Joseph Tussman (1914–2005) was an American educator. He was chair of the philosophy department at University of California, Berkeley, a prominent educational reformer, and a key figure in the campus controversy over the 1950s loyalty oath.

Tussman was born in Chicago and grew up in Milwaukee. He studied under Alexander Meiklejohn at the University of Wisconsin–Madison. Following his graduation from Wisconsin, he followed his mentor west to do graduate work at Berkeley.
He served in an army-intelligence unit in southwest China during World War II. After his discharge, he returned to Berkeley. Starting in the 1950s, California began to require university employees to sign a loyalty oath, and Tussman was a key organizer of protests. Twenty percent of the Berkeley faculty refused to sign, and thirty-one professors were dismissed. Being untenured, however, Tussman eventually signed the oath for economic reasons. He said it was the saddest day in his life.
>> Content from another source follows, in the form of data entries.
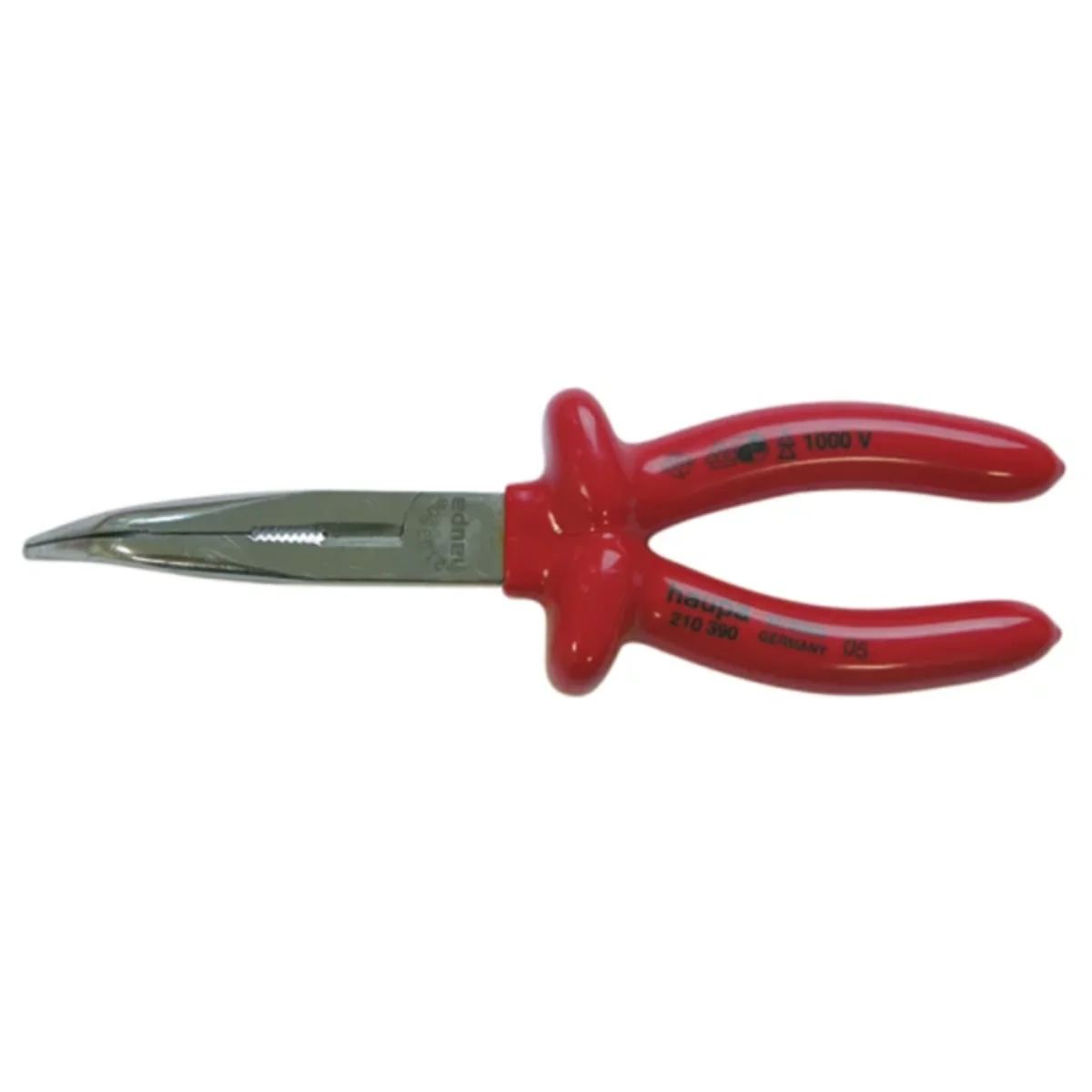 Alicates rectos con puntas semiredondas DIN 5236 A VDE de acero C 45, templados en aceite, templados adicionalmente por inducción, para trabajos duros cables 150 kp/mm2; (N 1500), cromado, aislamiento bicolor por inmersión — exterior rojo/interior amarillo.
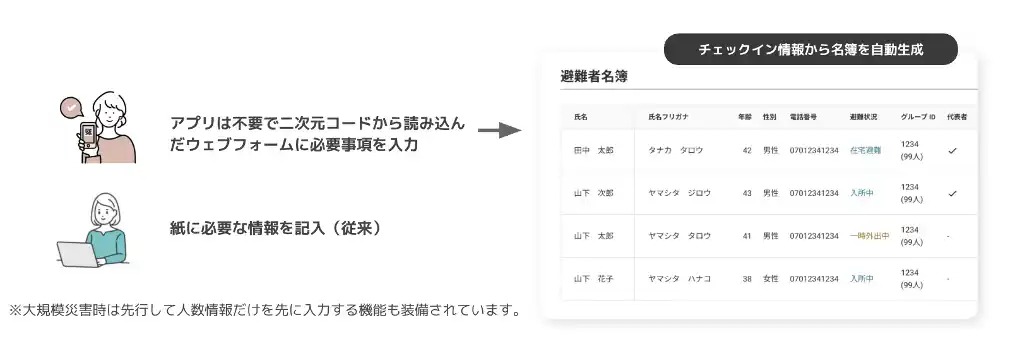 従来の紙の避難者名簿への記入に加え、スマートフォンで二次元コードを読み取りWebフォームから情報を入力する方式を体験 |
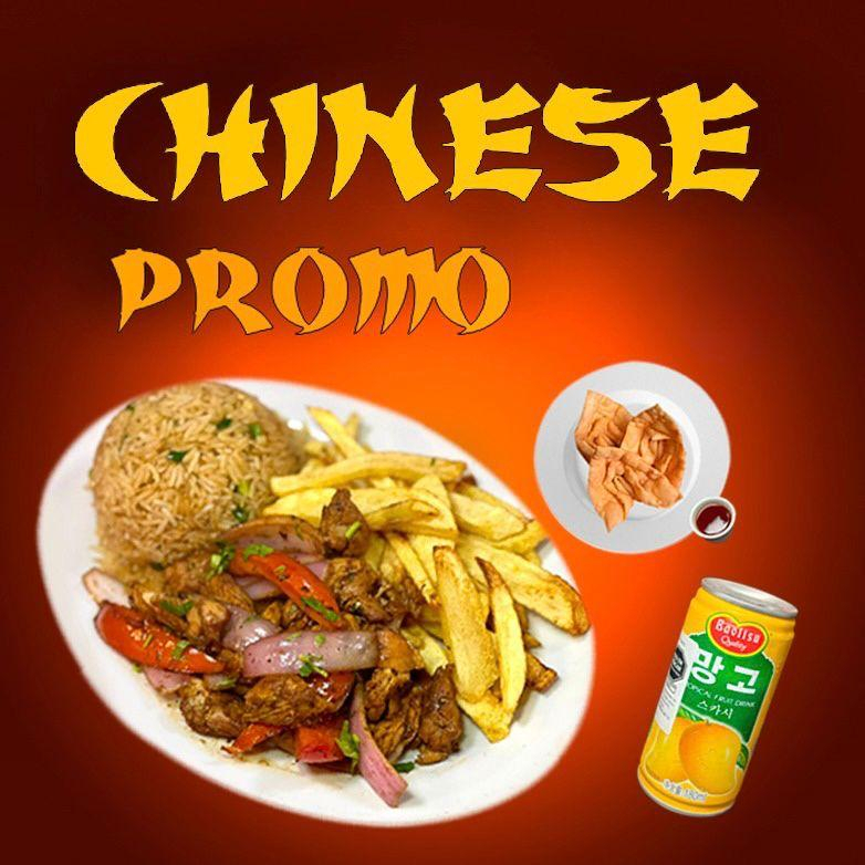 Pollo saltado con papas fritas + Wantan frito (3 unid) + Bebida tropical lata 180 ml
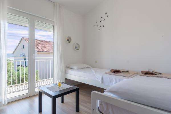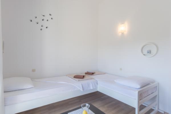 APARTMENT PASMAN HOLIDAY ON YOURSELF! The place Nevidana is located on the island of Pasman near Zadar. This place is a paradise for dusa and body holidays. Savrsen's escape from the city boom and perfect for family vacations. Apartment with 2 bedrooms and a large living room (extra bed), equipped with everything you will need for a vacation in a dream holiday. The apartment is located 50 m from the sea where you are waiting for sandy and sloping beaches, perfect for small children. Apartment, 2 bedrooms, bathroom, kitchen, terrace, balcony, use of grill, air conditioning, free Wi-Fi, pets without extra charge. The ferry port is only 10km away. Close to NP Kornati, not far from Zadar with the world famous Sea Organs and NP Paklenica, and NP Krka! Come on, dearest islands
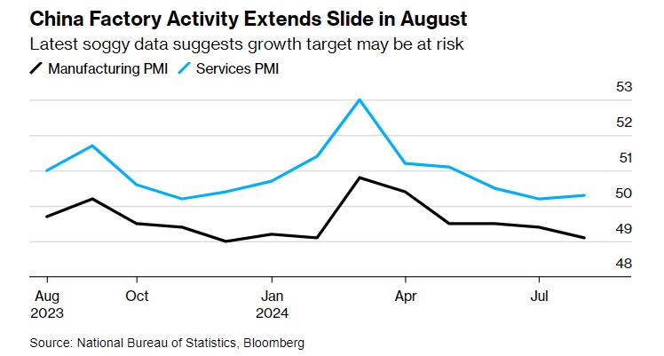 中国国家统计局(National Bureau of Statistics)表示,8月官方制造业PMI从7月份的49.4降至49.1.进一步加剧悲观情绪。自2023年4月以来,除了三个月外,该指数一直低于50的荣枯分界线。8月份投入成本和产出价格分项指数均有所下降。

Tussman moved to the philosophy department in 1952, leaving in 1955 when denied tenure for insufficient scholarly publication. Over the next few years he taught at Syracuse and Wesleyan and completed his first book, Obligation and the Body Politic. He returned to Berkeley in 1963 and became chair of philosophy the following year. He was a key figure in the Free Speech Movement of 1964.

In 1965, Tussman founded the Tussman Experimental College Program (modelled on a program that Meiklejohn had created at Madison), which was offered to 150 students through their freshman and sophomore years and focused on great works written during times of great upheaval. The experiment lasted four years. He then continued to teach in the philosophy department until his retirement in 1983.